The National Stock Exchange has scrapped the system of auctioning shares when the delivering member fails to replace fake shares within the stipulated time in a particular settlement cycle.
R H Patil, managing director, NSE, said, The system of auction, if the delivering member fails to replace the shares within a certain time, has been scrapped. The exchange now directly buys shares from the market, and replaces the fake shares.
This change in policy is to further speed up the process of dispensing with fake/forged shares floating in the exchange. Secondly, the auction procedure used to push up prices of shares. This could be avoided if the clearing corporation of the exchange directly buys from the market like any other buyer. The difference between the selling price and the price at which the exchange buys from the market is debited from the account of the delivering member.
NSE brokers said that the system of filtering out fake and forged shares being traded on the exchange, especially in the counters of Reliance and SBI, is faulty as it penalises and causes harassment to genuine brokers.
In the present system, if the representatives of the registrars, RCS and MCS, find shares to be fake, the certificates are cancelled, and an objection memo is issued to the delivering members. The delivering members are then given seven days time to replace the fake shares failing which the clearing corporation directly buys shares from the market and debits the difference from the delivering member.
The delivering member may then lodge the shares as company objection against the introducing member. Then the procedure for bad delivery of shares will be followed by the exchange. The NSE then tries to trace back the chain and identify the introducing member. The introducing member, if identified, has to pay up an amount equal to the value of the fake shares or replace the shares by genuine ones. Later, the delivering member gets reimbursed by the exchange.

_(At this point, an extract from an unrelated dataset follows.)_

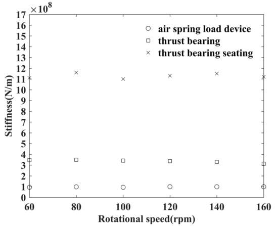We calculate the fluctuating values of different rotational speeds, comparing with the fitted stiffness of rotational speed 60 rpm. The results are present in Table 2 and confirm our point clearly and directly, i.e., the static thrust device, thrust bearing, and base stiffness are stable at different rotational speeds. It can be seen that no fluctuating value exceeds 10%.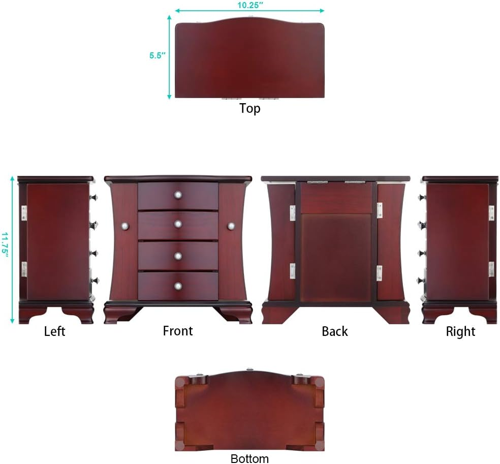 Store New Arrivals Add to Favorite View Feedback Contact Jewelry Box - Made of Solid Wood with Tower Style 3 Drawers Organizer and 2 Separated Open Doors on 2 Sides and Large Mirror Dark Brown Description Style Classic Number of Items 3 Jewelry Storage Type Jewelry Box Batteries Required? No Finish Painted Special Feature Removable Product Dimensions 5.5"D x 10.25"W x 5.5"H Material Wood Number of Drawers 4 Finish Type Painted Closure Type Snap, Button, or Magnetic Item Weight 3 pounds Occasion Wedding, Birthday Special Features Removable Target Audience Women Mounting Type Table Top Color Dark Brown Inner Material Velvet Shape Rectangular Recommended Uses For Product Rings, necklaces, bracelets, earrings, watches, hair clips Number Of Pieces 1 Size Medium THE ROUND RICH HIGH-GRADE JEWELRY BOX:High-end natural hardwood structure, Anti-Tarnishing velvet lining, exquisite hardware decoration, harmonious color match, highlighting taste and nobility. Packaged in a beautiful GIFT BOX, a gift that women will not refuse! Exterior design: Streamlined top design, classic heavy foundation, double Necklace door and beautiful pearl door handle and drawer handle provide timeless style and ingenious convenience. Four story tower and large storage space with separate open doors on both sides. Three large detachable drawers and a customized ring drawer, this multifunctional jewelry box is not only exquisite, but also luxurious. Internal Multifunctional Design:3 removable square drawer on the middle, large space storage (It can store necklaces, bracelets, earrings, earpins, hairpins, watches, rings and other jewellery accessories). Large cosmetic mirrors are fitted on top, making it easier to choose jewelry to match your own clothes; 6 Necklace hooks on the top of the doors hung both sides of the open storage space, which can hang a variety of jewlery, and multilayer velvet ring storage device in the bottom drawer. Size:Jewellery box 10.2" x 5.7" x 10"(L*W*H); Drawer Internal Space 4.3 x 3.5, Deep 1.5"; Mirror Size: 3.2" x 4.8". This elaborate jewelry box will protect all your accessories from scratches and offers a clean storage environment for jewelry. Perfect gift for girlfriend. No reason . Click and add to cart now. Product Description RR ROUND RICH DESIGN High-end and fashionable wooden jewelry boxes Cabinet three-dimensional design, selected materials and fine workmanship create a fashionable look adding decor to your home. Wedding gifts, birthday gifts, this is your best choice! Environmental-protection material,add elegance to this jewlery case, durable. Moisture and corrosion resistant. Velvet liner is moisture and corrosion resistant and offers a clean storage environment for jewelry. Wooden Jewelry Box Material: Solid wood. Surface Cover Material: Environmentally paint Care and cleaning: Wipe clean, put in shade, dry, ventilated. Color: Brown Weight: 3 pounds Dimensions: 10.2" x 5.7" x 10"(L*W*H) 3-Drawers internal size: 4.3 x 3.5 Placement position: Shading Detail display Exquisite and removable storage drawers. There are three exquisite hooks on the left and right sides. Hardware accessories of sturdy and durable The velvet ring slot is set in the drawer, which will be better than the vertical ring slot to prevent the rings falling off from the slot. ABOUT US We offer the best prices around on high quality products. Our E-store includes media such as books, movies, music and games while offering electronics, toys, sporting apparel, clothing, tools, general home, garden items and more. SHIPPING We are always working hard to ensure your package arrives as soon as possible. Please understand that some factors like weather, high postal traffic, and the performance of shipping companies are outside of our control. We offer free shipping to the lower 48 states and ship within 2 business days of payment, usually sooner. We do not accept P.O. Boxes. Please provide a physical address. For shipping outside of the continental USA, we only use eBay's Global Shipping Program.The item is shipped to KY and then sent to the rest of the world. International customers are responsible for all duties and taxes. Continue to check out in order to calculate costs for shipping the item to your country. Messages regarding eBay's Global Shipping Program MUST be directed at eBay EXCLUSIVELY. RETURNS We offer a 30-Day Return Policy on items which you are not completely satisfied with. You have the option for a full-refund or an exchange of the item. No returns are available on items shipped outside of the USA. PAYMENT We accept PayPal. CONTACT US This page content is yet to come Please ad us to your favorite seller and visit again later Thank You CUSTOMER SATISFACTION We try our very best to make sure every customer is completely satisfied. If there's a problem, message us! We're happy to help. WE ACCEPT Copyright © 2021 AutoDS. | All Rights Reserved

Brokers argument is that if they are not the introducing member, they should not be forced to replace the fake shares within such a short span of time or pay the price difference to the exchange. This move, according to them, effectively penalises those who may not be responsible for circulating the fake shares.

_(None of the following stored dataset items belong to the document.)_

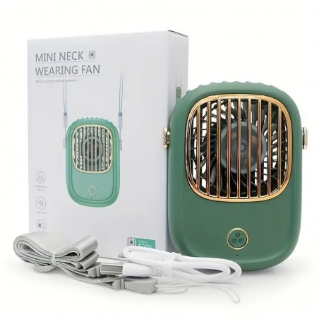 Restez au frais avec style grâce à notre ventilateur mini à porter autour du cou. Conçu pour le confort personnel, ce ventilateur léger présente un élégant corps vert muted et de belles accents dorés. Parfait pour les activités en plein air ou les trajets, il offre un fonctionnement mains libres et un flux d'air efficace. Profitez de la commodité de la charge USB et améliorez votre expérience estivale avec cet accessoire de refroidissement à la mode.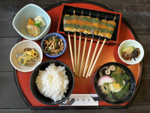 現在予約なしで食べれるメニューは田楽定食のみとなっております。事前に予約があれば、だご汁、懐石、からあげもご注文できるそうです。
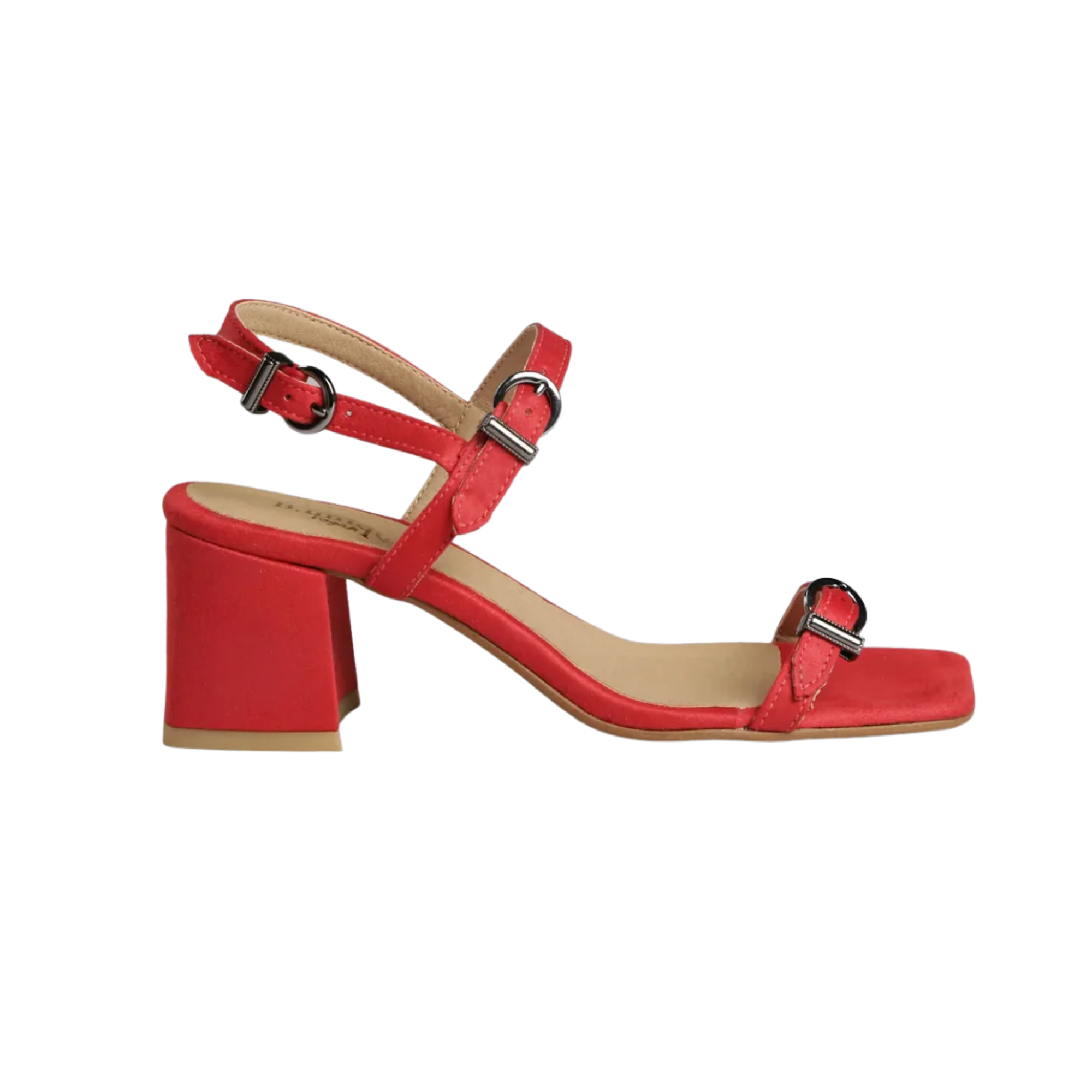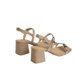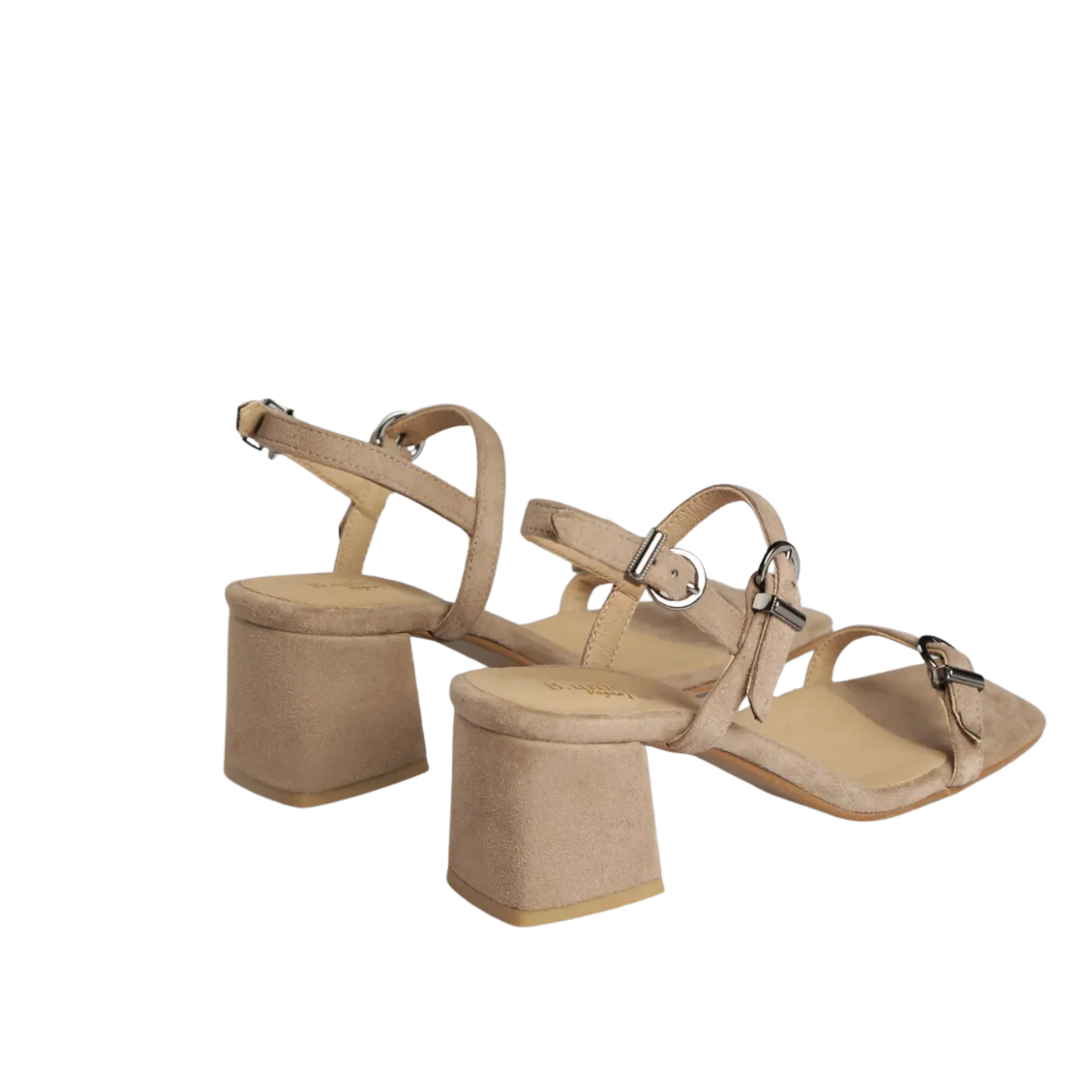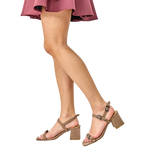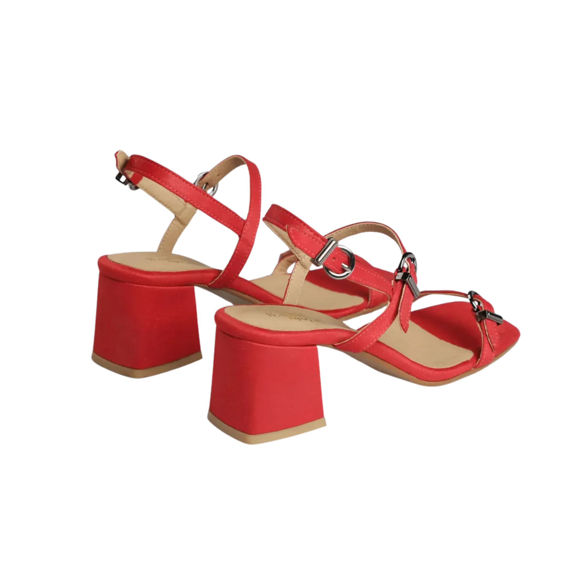 סנדלי עקב מדמוי עור איכותי, עם רצועות אבזם דקות במיוחד לעיצוב אלגנטי וקליל. שילוב מושלם של סטייל ונוחות.

The lop-sided approach is further aggravated by the fact that when the introducing broker is finally traced, he is given 21 days to replace the fake shares or pay up when the delivering member is allowed only 7 days.
Officials of the exchange said that the present system was the only way out if the efficiency of the settlement and clearing process is to be maintained.
The suggestion being put forward by some brokers is that the NSE directly trace the introducing member and demand replacement of scrips or debit money from his account.
However, according to NSE officials, it is impractical because the settlement process cannot be completed within the stipulated time.